Sstress is the disruption of homeostasis through physical or psychological stimuli. Stressful stimuli can be mental, physiological, anatomical or physical reactions. Stress and anxiety can cause destruction to the mind, body and soul. 

Excess stress and anxiety can manifest itself in a variety of emotional, behavioral, and even physical symptoms, and the symptoms of stress vary enormously among different individuals.

Common somatic (physical) symptoms often reported by those experiencing excess stress include:

  • emotional and behavioral symptoms (e.g., include nervousness, anxiety, changes in eating habits including overeating, loss of enthusiasm or energy, and mood changes)
  • fatigue
  • gastrointestinal disturbances,
  • insomnia
  • muscle tension
  • tension headaches

There is significant evidence that stress and anxiety can cause or worsen various diseases or conditions. These include:

  • Aging. Stress affects our hormonal balance and can make us look older.
  • Auto-immune diseases. Stress may intensify symptoms in diseases that have an autoimmune component, such as rheumatoid arthritis.
  • Anxiety disorders
  • Asthma
  • Cancer
  • Depression
  • Gastrointestinal problems, including irritable bowel syndrome
  • Heart disease. The link between stress and heart disease is well-established. If stress is intense, and stress hormones are not ‘used up’ by physical activity, our raised heart rate and high blood pressure put tension on arteries and cause damage to them. As the body heals this damage, artery walls scar and thicken, which can reduce the supply of blood and oxygen to the heart.  This is where a fight-or-flight response can become lethal: Stress hormones accelerate the heart to increase the blood supply to muscles; however, blood vessels in the heart may have become so narrow that not enough blood reaches the heart to meet these demands. This can cause a heart attack.
  • High blood pressure
  • Migraines and
  • Fluctuations of blood sugar in diabetics.

Natural Management Tips

  • Get enough sleep. Lack of rest can aggravate stress.
  • Eat well. Avoid sugars, processed foods, too much caffeine.
  • Exercise Regularly. Exercise is one of the best physical stress-reduction techniques available. Exercise not only improves your health and reduces stress caused by unfitness, it also relaxes tense muscles and helps you to sleep. Exercise has a number of other positive benefits you may not be aware of: (1) It improves blood flow to your brain, bringing additional sugars and oxygen that may be needed when you are thinking intensely. (2)  By exercising, you speed the flow of blood through your brain, removing bio waste products caused by our body's internal actions faster.(3) Exercise can cause release of chemicals called endorphins into your blood stream.
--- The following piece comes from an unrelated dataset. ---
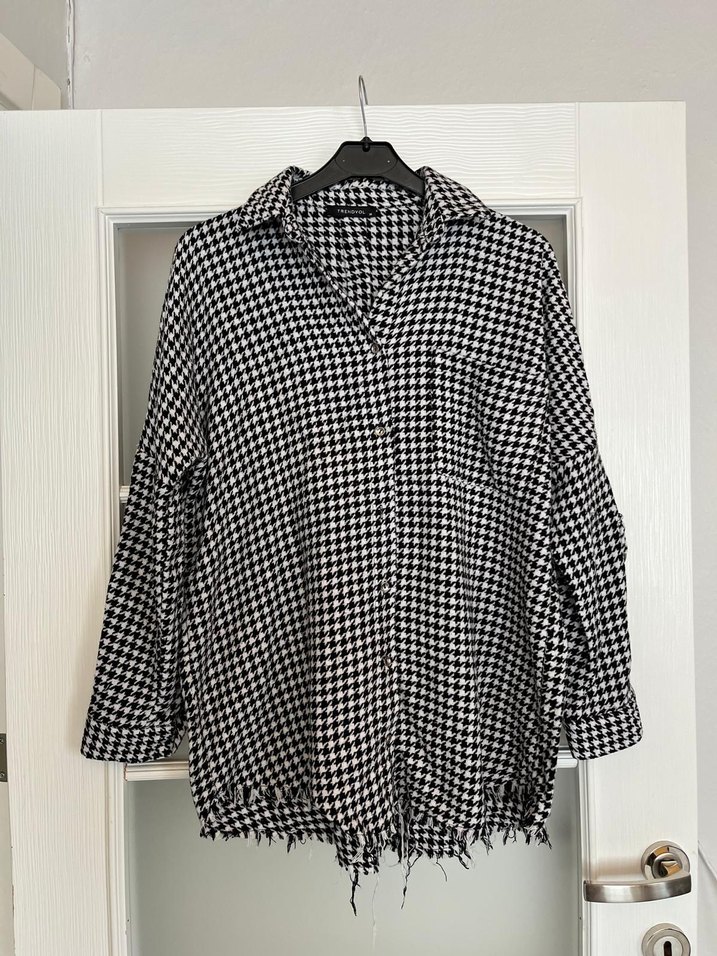 Gri ekoseli kadın gömlek, uzun kollu ve kesik yakalıdır. Keten kumaştan, düğmeli ve midi boydadır. Salaş kesimi ve yıpranmış etek ucu ile sokak stiline uygundur. temiz ve hasarsizdir.
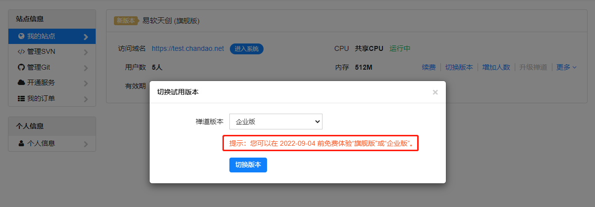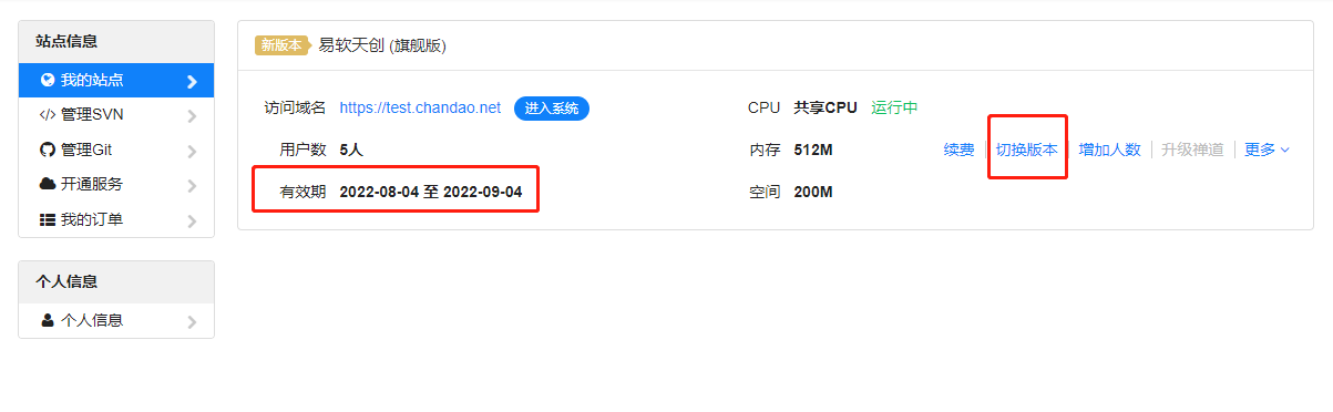 4、选择体验高级版本后,您的站点切换将到高级版本。从初次体验开始,您可以在一个月之内随时切换版本。

These give you a feeling of happiness and positively affect your overall sense of well-being. (4) There is also good evidence that physically fit people have less extreme physiological responses when under pressure than those who are not. This means that fit people are more able to handle the long- term effects of stress, without suffering ill health or burnout. Regular exercise can reduce your physiological reaction to stress. It also strengthens your heart and increases the blood supply to it, directly affecting your vulnerability to heart disease.
  • Don't sweat the small stuff. Try to prioritize a few truly important things and let the rest slide Learn how to best relax yourself. Determine if the issue is worth stressing about? is it something that you have no control over to change?
  • Try positive thinking. Positive thinking does help bring about positive change. Negative thoughts can affect the brains thinking and result on physio-chemical changes within your body...and thought process. Negative thinking also damages your performance by undermining your self-confidence. It also occupies "attentional capacity" at times when you need to focus your entire mind on what you are doing.
  • Try not to personalize things. Maybe the other person or situation you are dealing with is really about them and their poor coping techniques and not about you. In many cases, situations do not cause all of the stress that we experience.
  • Keep things in perspective. Sometimes, our reaction to circumstances (and what we say to ourselves about them) contributes to the stress we experience. Sometimes we are right in what we say to ourselves. Often, however, we are overly harsh and unjust in a way that we would never be with friends or co-workers. This, along with other negative thinking, can cause intense stress and unhappiness and can severely damage your self-confidence.
  • Prioritize. In today's fast paced world, whether it be at home or at work, workload issues lie behind much of the stress we experience. Not only can a heavy workload be tiring in its own right, it often drives us to work much longer hours than we would really like. This means that we spend time working that we'd prefer to use for the things that give life value. It also means that we're working when we should really be resting. Worse than this, a heavy routine workload leaves us little time to deal with the emergencies that come up from time-to-time. This adds to the feeling of being "out of control" that is so much part of stress. Successful workload management is therefore vitally important for your job satisfaction. If you feel overwhelmed with a "to do list" reduce the number of events going on in your life and you may reduce the circuit overload. Set a realistic list of items to do and start prioritizing.
  • Be mindful. You can selectively change the way you react, by first identifying stress in its early stages. Listen to your body and feel the early signs of stress (maybe you can feel tightness in your chest, or your response starts quickening). Take these early signs as an opportunity to implement relaxation techniques like counting to ten and deep breathing, and/or use it as an opportunity to remove yourself from the stressful situation before it gets worse. Bottom line: learn to recognize stress for what it is. Increase your body's feedback and make stress self-regulating.
  • Meditate. Meditation is a good way of relaxing during, and at the end of, a stressful day. It is something you can learn to do yourself, or may be something you prefer to learn in classes. Meditation and breathing exercises have been proven to be very effective in controlling stress. Note: Some of the key research on meditation was carrier out by Dr. Herbert Benson of Harvard University. His book on this, “The Relaxation Response”, was published in 1968. In a series of experiments into various popular meditation techniques, Dr. Benson established that these techniques had a very real effect on reducing stress and controlling the fight-or-flight response. Direct effects included slowed heartbeat and breathing, reduced oxygen consumption and increased skin resistance.
  • Reduce brain clutter. Practice clearing your mind of disturbing thoughts.A good technique is to write down what is bothering you, then file it away, and out of your mind.
  • Take 5 for yourself. Give yourself a break if only for a few moments daily.
  • Avoid extreme reactions. Why hate when a little dislike will do? Why generate anxiety when you can be nervous? Why rage when anger will do the job? Overreacting can escalate stress.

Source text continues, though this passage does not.